For one, this will bring back memories of the ill-fated Southeast Asia Treaty Organization (SEATO), an eight-member collective defence pact that was designed in 1955 to curb the spread of communism in Southeast Asia (though Thailand and the Philippines were the only Southeast Asia states represented then). Advocated by then US vice president Richard Nixon to be an Asian equivalent, the organisation failed to take off and unlike NATO, did not have any standing military force.
SEATO’s response protocol in the event of communism to present a “common danger” to the member states was vague and ineffective, and largely only served to legitimise a large-scale US military intervention during the Vietnam War. It was officially dissolved in 1977 after member states lost interest and withdrew.

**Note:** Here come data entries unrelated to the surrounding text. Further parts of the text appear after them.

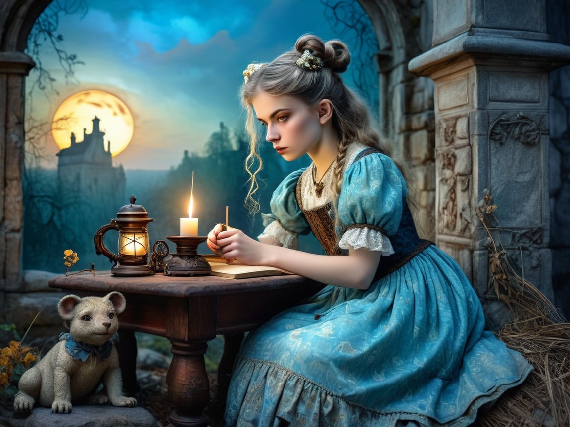 invisible, faint translucent image, washed-out, pale specter, faint impression, muted watercolor, faded, bare pattine silhouette, acid etched, walking, reduced to the floorThumbelina, a tiny human child, looks like an ordinary miniature girl in a simple dress, barefoot, holding a sewing needle. She is thumb-sized and perches on a floating green leaf in a pond. Above her, a giant dragonfly with large, shimmering, translucent rainbow wings approaches to rescue her. Around the leaf, angry toads splash in the water among the reeds and willow roots, while red poppies bloom on the shore. Golden sunlight over the meadow, cinematic fairy-tale realism, intricate natural details. In the style of Kay Nielsen × Brian Froud × Kinuko Y. Craft A beautiful gothic anime-style girl lying on her back on the beach in full body view. She is resting on the soft golden sand, her body relaxed yet elegant, with her legs spread apart naturally to each side, creating a graceful posture. She is wearing a minimalistic white bikini with a thong-style bottom, paired with pure white thigh-high stockings that stand out brightly against her smooth, pale skin. Her toned legs and feminine curves are emphasized by the sunlight, with soft highlights and realistic textures. The white stockings are detailed with delicate fabric shine, making them look almost silky. Her torso is slightly arched, emphasizing the curve of her waist, chest, and hips. She has turned her upper body slightly toward the camera, making her face visible. Her gothic-inspired face is striking: pale porcelain skin, big expressive eyes with dramatic eyeliner, subtle green glow in her irises, eyes rolled upward, and her tongue playfully sticking out, adding a sense of heat and exhaustion. Her cheeks have a subtle flushed blush, and a slight sheen of sweat on her forehead and upper lip enhances the hot, summery atmosphere. Bold black lipstick enhances her gothic aesthetic. She wears a thin black choker necklace with a silver cross, adding gothic elegance to her beach look. Her short stylish hair, dyed pastel pink with dark undertones, spreads softly across the sand, moving slightly with the breeze. The background is cinematic and dreamy: the ocean stretches out behind her, with a majestic sailing ship floating in the distance. Above, the sky is vast and radiant, filled with fluffy clouds and brilliant shades of blue. The sunlight creates a luminous, soft glow across her body, enhancing the natural anatomy and giving a surreal, romantic mood. Camera perspective: angled from above and slightly from behind her legs, showing her full figure, the elegant line of her body, her face turned toward the viewer, and the harmony between her pose and the ocean scenery. Ultra-detailed, highly realistic yet with anime aesthetics, cinematic illustration, 8K ultra quality, perfect anatomy, flawless skin, gothic beach fantasy atmosphere, emphasizing heat, exhaustion, and playful seductiveness. Heavily textured. Arthur Rackham, John Holland, Maxfield Parrish, sunset afterglow, scratching, layered, beautiful moody colors, magical atmosphere, cinematic lighting. Dramatic and surreal. Modifiers: fantastic view high definition hdr cinematic postprocessing Magical realism mystical Frank Frazetta luminism Brian Froud 3D shading alcohol ink Batik beautiful colours Hyper-textured
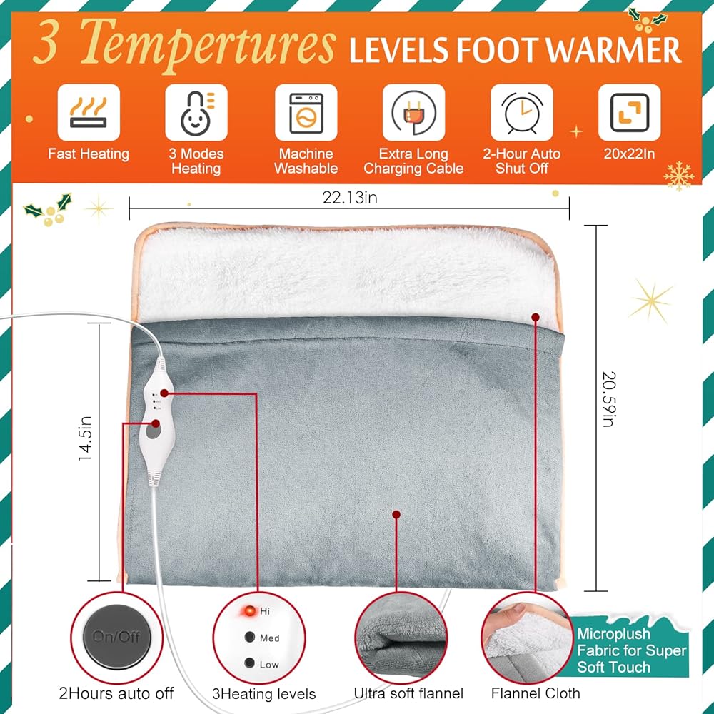 Heating Pad, Fast Heating Electric Heated Foot Warmers for Men and Women with 3 Heat Settings, Electric Foot Warmer Heating Pad for Back Pain Relief, Extra Large Heating Pad for Neck and Shoulder
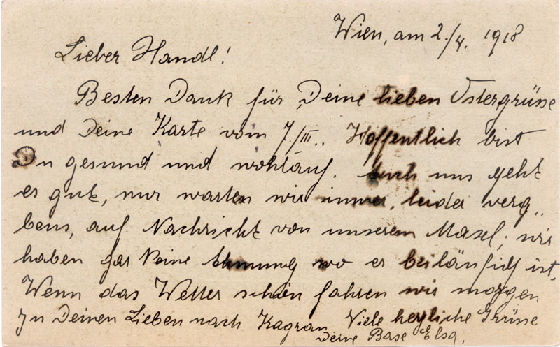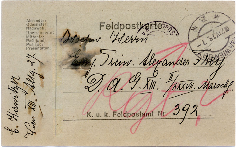 The card is addressed to a volunteer soldier: Hochw. Herrn Einj. Freiw. Alexander Frey, at some sort of unit at field post office 392. Herr Frey’s ‘rank’ is Einj. Freiw., that is Einjahr Freiwilliger (One year volunteer.) Men with a certain level of education were permitted to volunteer for one year's service to fulfil their military obligation. Soon after the Austro-Hungarian authorities realised that the war would not be a short affair, the terms of enlistment for a volunteer were changed to "the duration of the conflict".
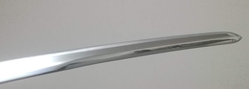 アルミの小烏丸刀身で、全体の1/3が切先諸刃造となっています。この作例では切先諸刃の長さは指定無しのお任せでした。刃文の変更はできません。アルミ刀身なのでとても軽量です。勿論、振り回したりはしません。

Furthermore, in the absence of clear American enthusiasm and support, it is difficult to envisage any military alliance to take off in a meaningful way, let alone efficacious in safeguarding regional security.
Many Southeast Asia countries continue to perceive Japan favourably. It is the most trusted to “do the right thing” as a major power, as evidenced in multiple iterations of the State of Southeast Asia survey by the ISEAS-Yusof Ishak Institute. But while many would probably not mind a stronger Japanese military presence in defence relations, it is highly doubtful that any would want to be part of a military alliance that obliges them to defend Japanese interests if called upon to.
In addition, Mr Ishiba’s primary justification for an Asian NATO is the threat of China, but there are differing interpretations and views of China across Southeast Asian countries. For instance, Muslim-majority countries like Malaysia and Indonesia have witnessed a swing of support towards China away from the US given the latter’s support of Israel. While Tokyo’s concerns of an aggressive China are not without support, how best to counter Beijing is less clear-cut.
Europe’s past doesn’t necessarily tell us much about Asia’s future. Countries in the region will continue to hedge their bets and seek the best deal for themselves.
Benjamin Ho is an assistant professor in the China Programme, S Rajaratnam School of International Studies and researches the international politics of China and Northeast Asia. William A Callahan is a professor of political science at the Singapore Management University and researches Chinese politics and US-China relations.